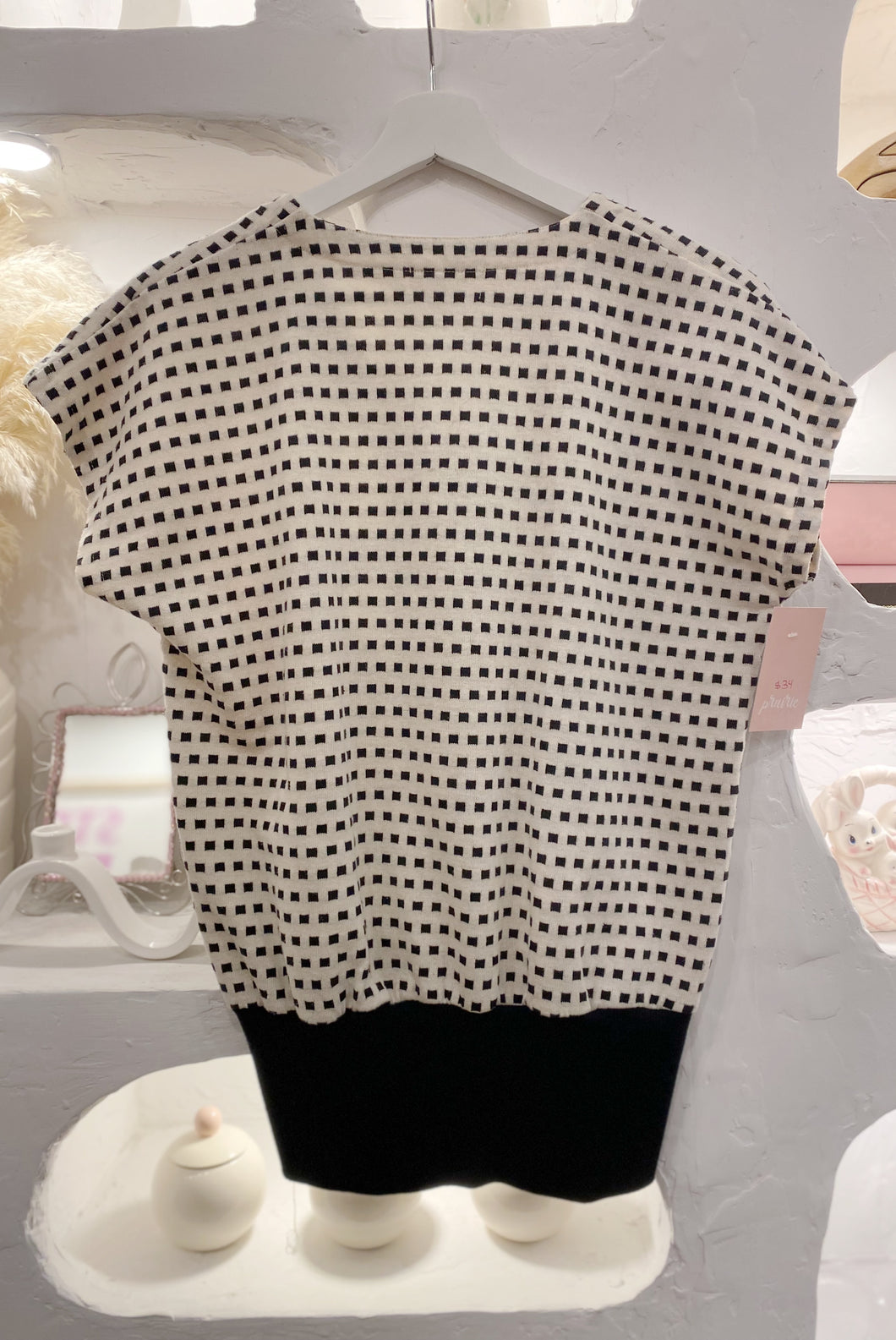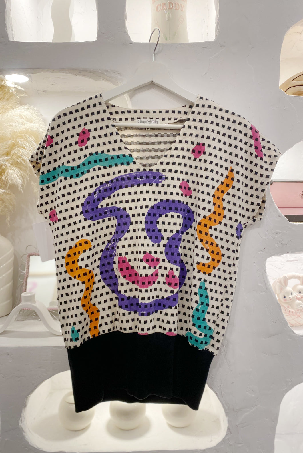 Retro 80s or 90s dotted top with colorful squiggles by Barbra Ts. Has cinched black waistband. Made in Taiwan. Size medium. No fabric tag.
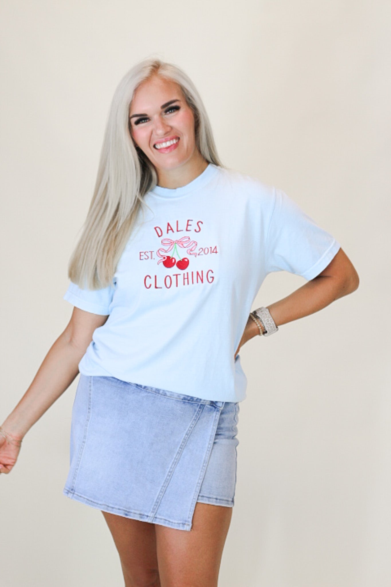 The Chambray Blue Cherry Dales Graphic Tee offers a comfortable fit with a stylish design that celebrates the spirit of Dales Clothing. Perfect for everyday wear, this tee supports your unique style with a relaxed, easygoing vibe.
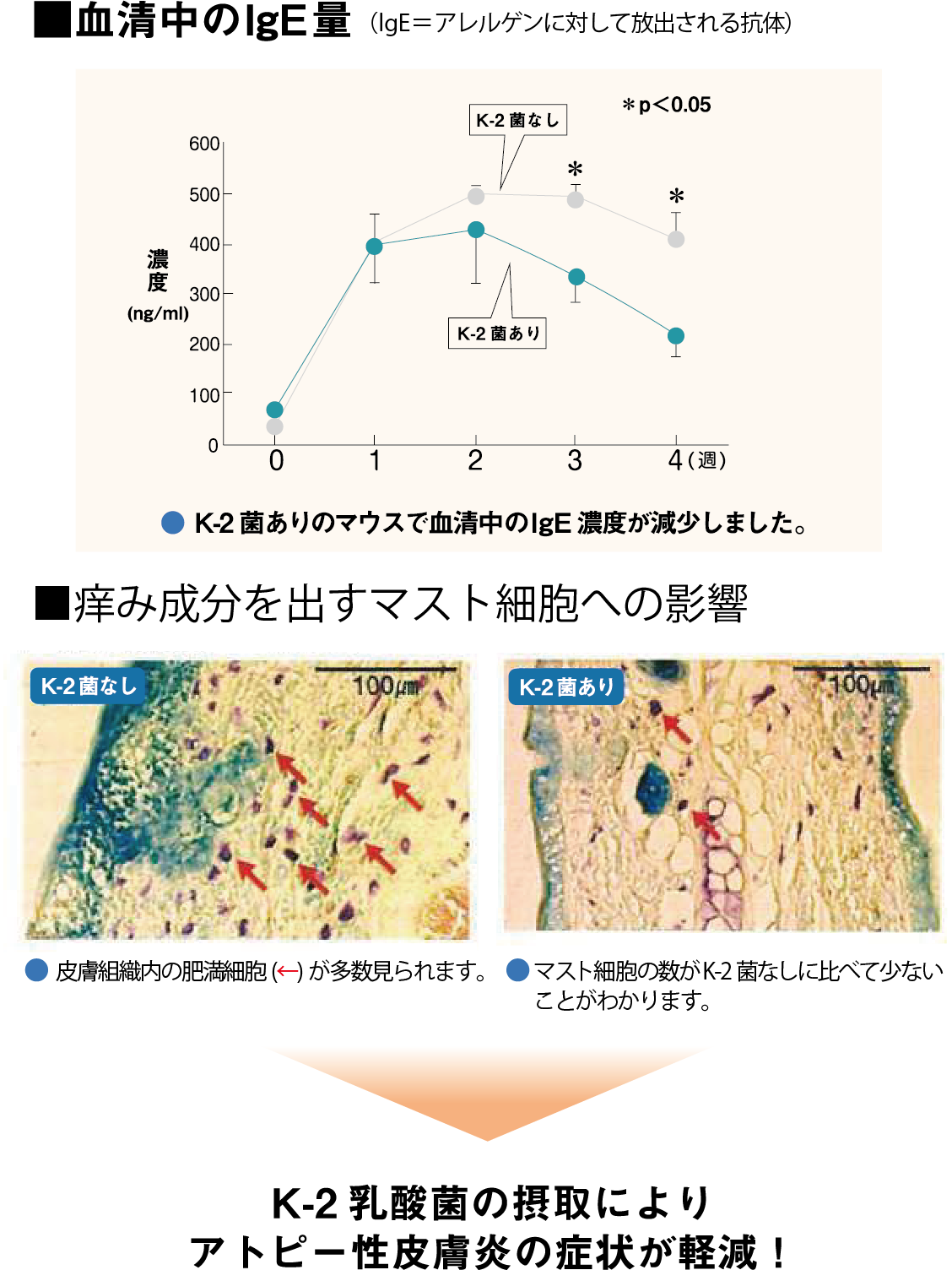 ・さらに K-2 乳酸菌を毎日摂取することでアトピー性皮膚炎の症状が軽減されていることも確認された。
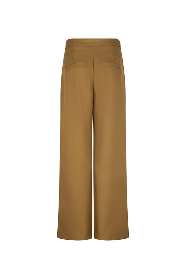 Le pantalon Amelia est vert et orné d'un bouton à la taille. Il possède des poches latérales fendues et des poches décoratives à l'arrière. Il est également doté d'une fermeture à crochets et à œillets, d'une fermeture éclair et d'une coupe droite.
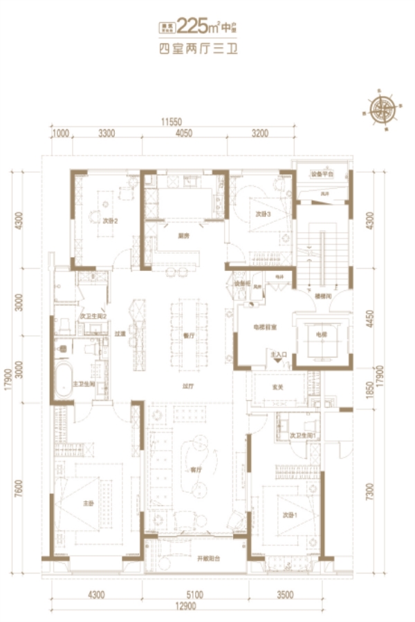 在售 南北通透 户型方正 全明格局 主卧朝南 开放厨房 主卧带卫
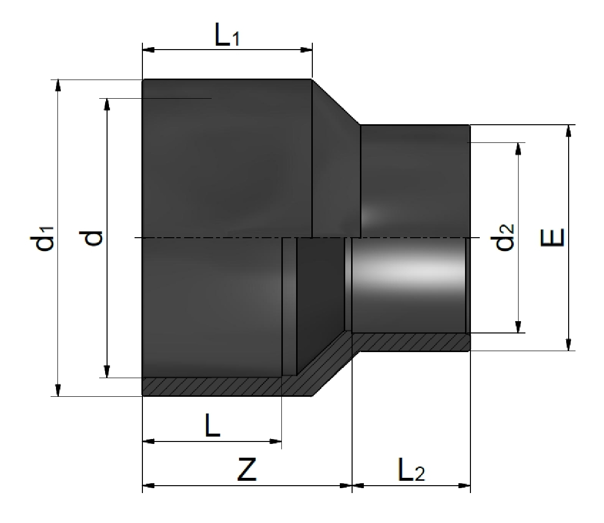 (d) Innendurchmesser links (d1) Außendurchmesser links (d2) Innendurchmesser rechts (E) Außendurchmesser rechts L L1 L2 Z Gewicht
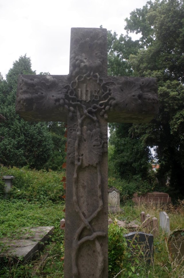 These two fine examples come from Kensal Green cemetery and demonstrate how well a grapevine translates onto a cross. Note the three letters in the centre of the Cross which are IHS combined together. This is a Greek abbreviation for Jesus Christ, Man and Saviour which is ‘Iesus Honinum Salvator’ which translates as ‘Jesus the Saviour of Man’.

━━━━━━━━

# Assigned task:
Exactly and only the lines from the top of the records down to the line containing "The Chambray Blue" should be transcribed, please, without the pictures.

# Answer:
 Retro 80s or 90s dotted top with colorful squiggles by Barbra Ts. Has cinched black waistband. Made in Taiwan. Size medium. No fabric tag.
 The Chambray Blue Cherry Dales Graphic Tee offers a comfortable fit with a stylish design that celebrates the spirit of Dales Clothing. Perfect for everyday wear, this tee supports your unique style with a relaxed, easygoing vibe.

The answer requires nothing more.